Title:
TGF-beta activation and use
Kind Code:
A1


Abstract:
Proteases are added to Platelet Rich Plasma (PRP) along with calcium and thrombin to activate latent TGF-β. The proteases include plasmin, calpin, MMP-9, thrombospondin, transglutaminase, the mannose 6-phosphate receptor (M6PR), furin, substilisin-like endoproteases, and integrins. Dermatopontin can also be added to the PRP to enhance its biologic activity.



Inventors:
Ferree, Bret A. (Cincinnati, OH, US)
Application Number:
10/987919
Publication Date:
03/24/2005
Filing Date:
11/12/2004
Assignee:
FERREE BRET A.
Primary Class:
Other Classes:
514/20.1, 514/14.7
International Classes:
A61K38/18; A61K38/20; (IPC1-7): A61K38/18
View Patent Images:



Primary Examiner:
STOICA, ELLY GERALD
Attorney, Agent or Firm:
DINSMORE & SHOHL LLP (TROY, MI, US)
Claims:
1. A method of activating latent TGF-β, comprising the steps of: providing platelet-rich plasma (PRP); and using one or more proteases to activate latent TGF-β in the PRP.
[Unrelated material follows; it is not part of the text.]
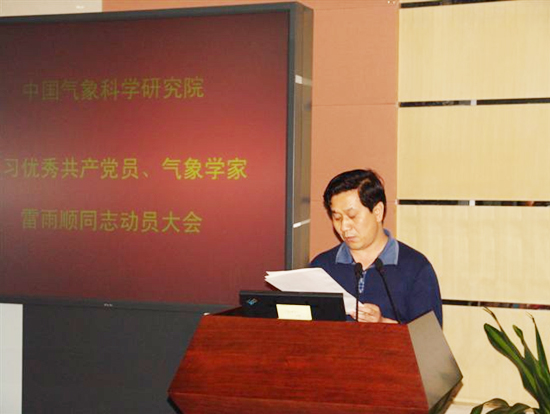 87周年结合起来,与加强党风廉政建设结合起来;三要认真组织好学习活动。并强调要学习雷雨顺同志坚定的理想信念、刻苦勤奋好学的学风、针对气象业务搞科研的求实精神和高尚的科研作风、道德品质。气科院党委专职副书记刘柏林在会上宣读了中国气象局党组《关于开展向优秀共产党员、气象学家雷雨顺同志学习的通知》(中气党发[2008]41号)。

2. The method of claim 1, wherein the proteases include plasmin, calpin, MMP-9, thrombospondin, transglutaminase, the mannose 6-phosphate receptor (M6PR), furin, substilisin-like endoproteases, and integrins.

3. The method of claim 1, including the step of adding the proteases to a combination of platelet rich plasma (PRP), calcium and/or thrombin.

4. The method of claim 1, further including the step of adding dermatopontin to enhance its biologic activity.

5. The method of claim 1, further including the step of using the activated TGF-β as part of a medical procedure.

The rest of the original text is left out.